WORK TO BE COMPLETED:
At the line with "广交会采购商在家用电器展区体验外骨骼机器人。中新网", start transcribing; stop after the last line of the data below. Keep it exact and leave pictures out.

INPUT DATA:

######

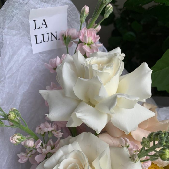 Маттиола фиолетовая – 3 шт.роза playa blanca – 3 шт.роза quicksand – 2 шт.роза sunny trendsetter – 2 шт.Фрезия белая – 2 шт.Озотамнус – 1 шт.хризантема coconut – 1 шт.гвоздика белая сортовая – 3 шт.Форзиция – 2 шт.Упаковка дизайнерская – 1 шт.Лента атласная – 1 шт.инструкция по уходу за цветами – 1 шт.Кризал (подкормка) – 1 шт.Транспортировочная коробка – 1 шт.Аквапак – 1 шт.
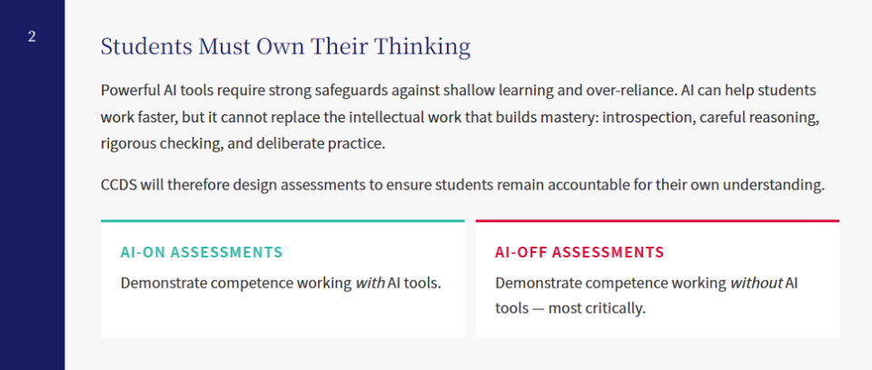 教育考核方面,并非一刀切地禁用 AI,作为先行军的计算机与数据科学学院 (CCDS) 设计了一种解决方式,即 AI-ON 和 AI-OFF 评估体系。
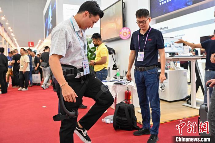 广交会采购商在家用电器展区体验外骨骼机器人。中新网
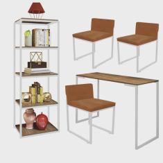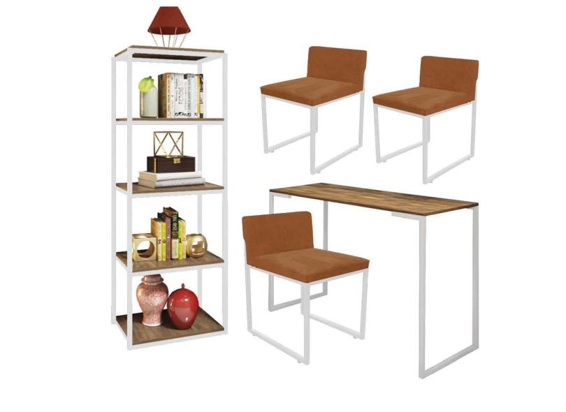 O menor preço encontrado no Brasil para Kit Escritório Ravi 3 Cadeiras Suede Terracota com 1 Mesa e 1 Livreiro Ferro Branco MDF Rústico - Ahazzo Móveis atualmente é R$ 2.049,90.

######

EXERCISE SOLUTION:
 广交会采购商在家用电器展区体验外骨骼机器人。中新网
 O menor preço encontrado no Brasil para Kit Escritório Ravi 3 Cadeiras Suede Terracota com 1 Mesa e 1 Livreiro Ferro Branco MDF Rústico - Ahazzo Móveis atualmente é R$ 2.049,90.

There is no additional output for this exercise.